Auch im Falle von Align Technology handelt es sich um ein amerikanisches Unternehmen. Im Gegensatz zu Proto Labs besitzt Align Technology jedoch eine stärkere Fokussierung der Geschäftstätigkeit auf den 3D-Druck. Im Speziellen handelt es sich hierbei um die Produktion von 3D-Scannern sowie Schienensystemen, welche in der Kieferorthopädie zum Einsatz kommen. Hinsichtlich der Kieferorthopädie deckt Align Technology den kompletten Entstehungsprozess der Schienen ab. Die Vermessung des Kiefers wird mit Hilfe der Scanner durchgeführt, welcher anschließend die Maße für den 3D-Druck generiert. Hinsichtlich der Produktion der Schienen stellt der 3D-Druck für das Unternehmen einen Quantensprung dar. Der Vertrieb der Produkte erfolgt über ein Netzwerk von teilnehmenden Kieferorthopäden.

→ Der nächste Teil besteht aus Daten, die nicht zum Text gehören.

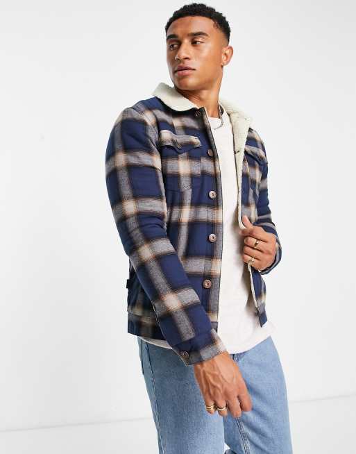 Le Breve – Niebieska kurtka w kratkę z kołnierzykiem i podszewką z kożuszka

Noch zu Beginn dieses Jahrzehnts war man zwar mit Kieferschienen, welche unter dem Namen „Invisalign“ bekannt sind, am Markt vertreten, konnte jedoch nur einen kleinen Teil der Patienten aufgrund von Passungsproblemen abdecken. Durch den 3D-Druck hat sich die Passgenauigkeit der Systeme bedeutend erhöht. Laut eigenen Angaben schätzt das Unternehmen, dass man von den jährlich etwa 10 Millionen auftretenden Diagnosen derzeit 6 Millionen mit passgenauen Lösungen versorgen könnte. Der Umstand, dass die tatsächliche Auslastung momentan nur bei rund 9 Prozent liegt, zeigt, dass auch zukünftig noch Wachstumspotenziale bestehen könnten. Das Wachstum der jüngeren Vergangenheit konnte auch im ersten Quartal des laufenden Jahres beibehalten werden. Im Vergleich zu 2017 erhöhte sich der Umsatz um mehr als 40 Prozent, während der Gewinn um etwa 38 Prozent anstieg. In der Gruppe der Teenager betrug der Marktanteil nur 4,5 Prozent, hier könnte für Align Technology künftig noch Wachstumspotenzial vorhanden sein. Derzeit produziert das Unternehmen etwa 220.000 Schienen am Tag und ist in dieser Hinsicht vielen Konkurrenten im operativen Geschäft voraus. Dieser Know-How-Vorteil könnte für Align Technology in Zukunft an Bedeutung gewinnen, da kürzlich einige der Patente des Unternehmens ausgelaufen sind. Auch Patentrechtsstreitigkeiten mit den Wettbewerbern wie „3Shape“ oder „Clear Correct“ sollten interessierte Anleger im Auge behalten. Grundsätzlich könnte man die aktuelle Marktpositionierung von Align Technology jedoch als solide charakterisieren, zudem sind weitere Wachstumspotenziale gegeben, beispielsweise auch durch den Eintritt in das Segment für Kinderschienen.